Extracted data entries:
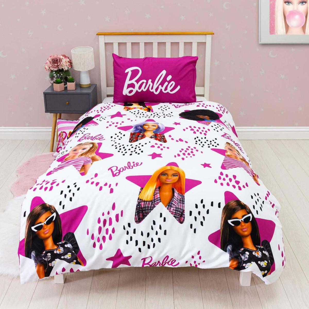 I love the Stars duvet cover set because it adds a fun, youthful touch to a child's bedroom with its vibrant pink colour and playful Barbie theme. It works particularly well in contemporary or playful interiors that embrace bright colours and themed decor. For practical styling, pair it with solid-coloured accessories in shades like white, grey, or pink to keep the look fresh and balanced. Adding plush pillows or a coordinating throw can enhance comfort and visual appeal, making it an inviting space for little ones who love the Barbie universe. This bedding set is perfect for creating a cheerful, lively bedroom environment that's both stylish and fun.
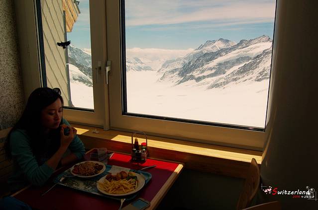来到Jungfraujoch已经中午了,在少女峰餐厅里吃午饭。窗外就是阿莱奇冰川美景。
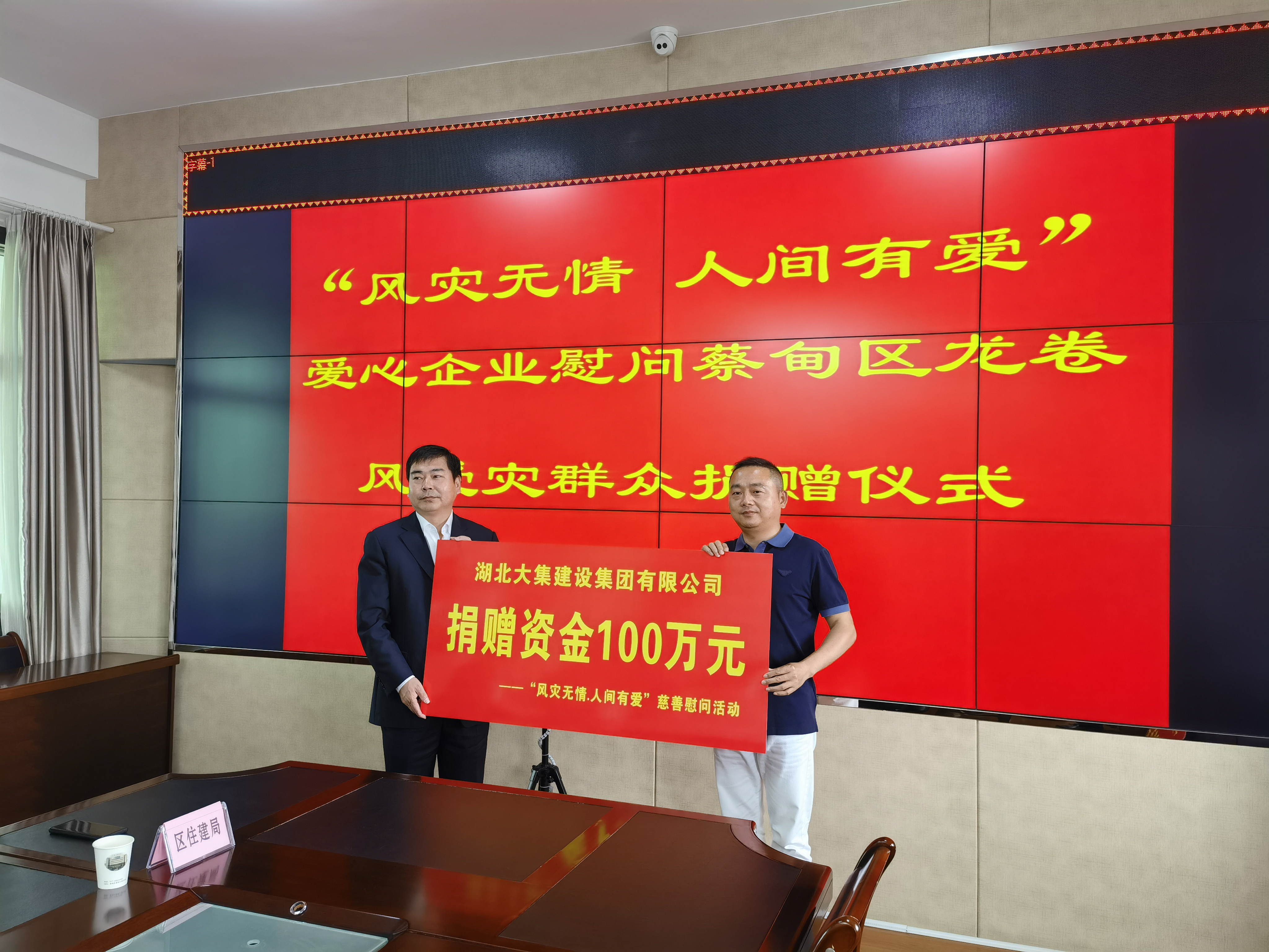 獲悉災害發(fā)生后,集團公司董事長徐濤當即表示:“災情就是命令,災情就是責任,我們必須盡快行動,盡到企業(yè)的一份責任?!辈⒌谝粫r間響應政府號召,代表集團公司向蔡甸區(qū)龍卷風受災群眾捐贈資金100萬元,充分體現(xiàn)了集團公司的使命擔當。
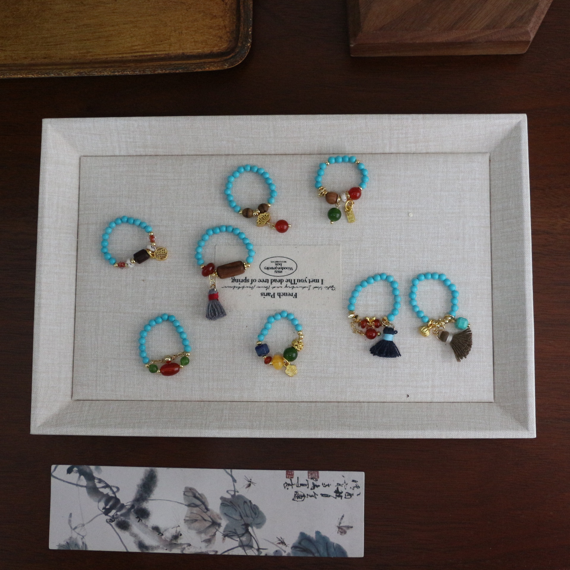 民族風小衆天然石指環食指戒新商品アクセサリー新中国風手作りビーズ弾力指輪
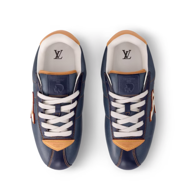 This edition of the LV BUTTERSOFT Sneaker comes in lambskin and calf leather with a denim effect. Designed by Men’s Creative Director Pharrell Williams, this model takes its name from the ultra-soft feel of the leather, which is enhanced by the padded upper, expertly stitched by Louis Vuitton artisans. The upper is complemented by natural leather trim, inspired by the leather goods, an LV Initials signature and embossed motifs of Pharrell Williams’ profile and a lobster, referencing the Fall-Winter 2025 men’s show.
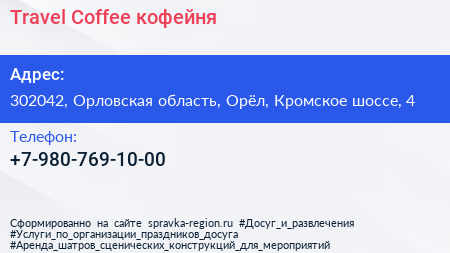 Travel Coffee, кофейня по адресу 302042, Орловская область, Орёл, Кромское шоссе, 4 в дальнейшем Организация, размещена в следующих категориях:
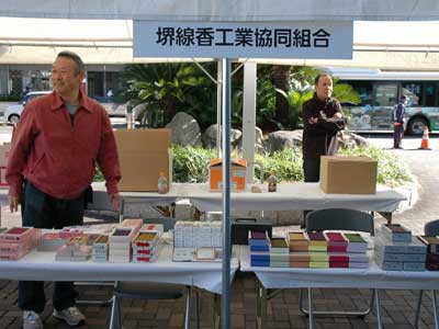 11月16日日曜日、堺市役所前市民交流広場にて、第22回堺区ふれあいまつりが開催されました。弊社が加盟する堺線香工業共同組合で参加するイベントは、これで本年度の最後となります。
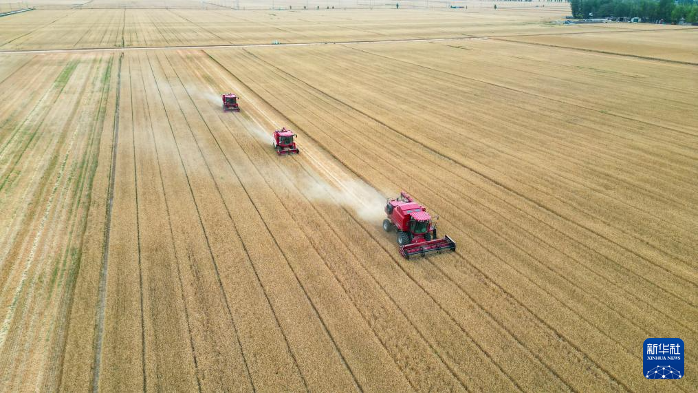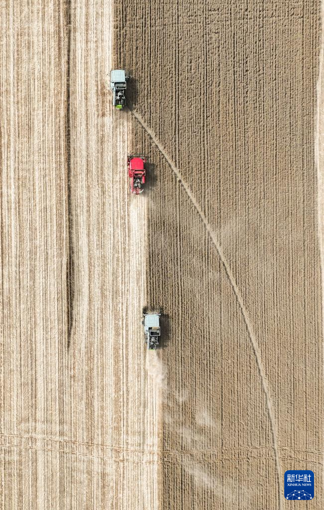 6月5日,在山东省东营市广饶县李鹊镇,联合收割机在抢收小麦(无人机照片)。
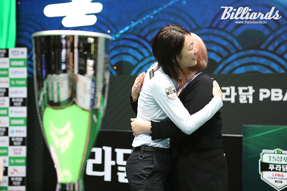 시상식 후 김예은(웰컴저축은행)이 히다 오리에를 눈물로 축하하자 히다가 김예은을 다독이고 있다.
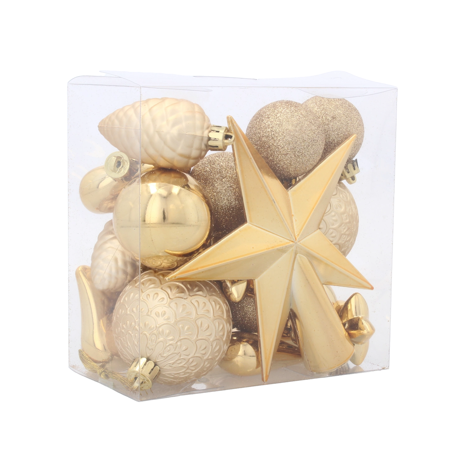 Okraski so izdelani iz lahkega in trpežnega plastika, zato jih je preprosto obesiti, dobro držijo na vejicah in so varni tudi v gospodinjstvih z otroki ali hišnimi ljubljenčki. Zahvaljujoč raznolikim oblikam – od krogel prek srčkov in storžev do zvezd – zlahka ustvarite bogato in uravnoteženo kompozicijo.
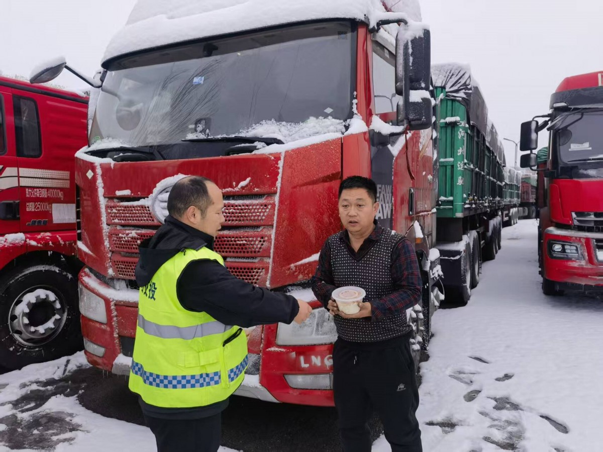 队员们顶风冒雪、不畏严寒,穿梭在滞留车辆之间,将热气腾腾的饭菜、热水逐一送到司乘人员手中,用贴心服务驱散严寒。同时,11个各收费站主动开放临时休息室,为滞留司乘提供临时休息、洗漱、免费早餐等力所能及的便民服务,全力保障滞留人员基本生活需求。

HOW TO COMPLETE THIS TASK: Print each entry shown above with exact wording and no pictures.

TASK RESULT:
 I love the Stars duvet cover set because it adds a fun, youthful touch to a child's bedroom with its vibrant pink colour and playful Barbie theme. It works particularly well in contemporary or playful interiors that embrace bright colours and themed decor. For practical styling, pair it with solid-coloured accessories in shades like white, grey, or pink to keep the look fresh and balanced. Adding plush pillows or a coordinating throw can enhance comfort and visual appeal, making it an inviting space for little ones who love the Barbie universe. This bedding set is perfect for creating a cheerful, lively bedroom environment that's both stylish and fun.
来到Jungfraujoch已经中午了,在少女峰餐厅里吃午饭。窗外就是阿莱奇冰川美景。
 獲悉災害發(fā)生后,集團公司董事長徐濤當即表示:“災情就是命令,災情就是責任,我們必須盡快行動,盡到企業(yè)的一份責任?!辈⒌谝粫r間響應政府號召,代表集團公司向蔡甸區(qū)龍卷風受災群眾捐贈資金100萬元,充分體現(xiàn)了集團公司的使命擔當。
 民族風小衆天然石指環食指戒新商品アクセサリー新中国風手作りビーズ弾力指輪
 This edition of the LV BUTTERSOFT Sneaker comes in lambskin and calf leather with a denim effect. Designed by Men’s Creative Director Pharrell Williams, this model takes its name from the ultra-soft feel of the leather, which is enhanced by the padded upper, expertly stitched by Louis Vuitton artisans. The upper is complemented by natural leather trim, inspired by the leather goods, an LV Initials signature and embossed motifs of Pharrell Williams’ profile and a lobster, referencing the Fall-Winter 2025 men’s show.
 Travel Coffee, кофейня по адресу 302042, Орловская область, Орёл, Кромское шоссе, 4 в дальнейшем Организация, размещена в следующих категориях:
 11月16日日曜日、堺市役所前市民交流広場にて、第22回堺区ふれあいまつりが開催されました。弊社が加盟する堺線香工業共同組合で参加するイベントは、これで本年度の最後となります。
 6月5日,在山东省东营市广饶县李鹊镇,联合收割机在抢收小麦(无人机照片)。
 시상식 후 김예은(웰컴저축은행)이 히다 오리에를 눈물로 축하하자 히다가 김예은을 다독이고 있다.
 Okraski so izdelani iz lahkega in trpežnega plastika, zato jih je preprosto obesiti, dobro držijo na vejicah in so varni tudi v gospodinjstvih z otroki ali hišnimi ljubljenčki. Zahvaljujoč raznolikim oblikam – od krogel prek srčkov in storžev do zvezd – zlahka ustvarite bogato in uravnoteženo kompozicijo.
 队员们顶风冒雪、不畏严寒,穿梭在滞留车辆之间,将热气腾腾的饭菜、热水逐一送到司乘人员手中,用贴心服务驱散严寒。同时,11个各收费站主动开放临时休息室,为滞留司乘提供临时休息、洗漱、免费早餐等力所能及的便民服务,全力保障滞留人员基本生活需求。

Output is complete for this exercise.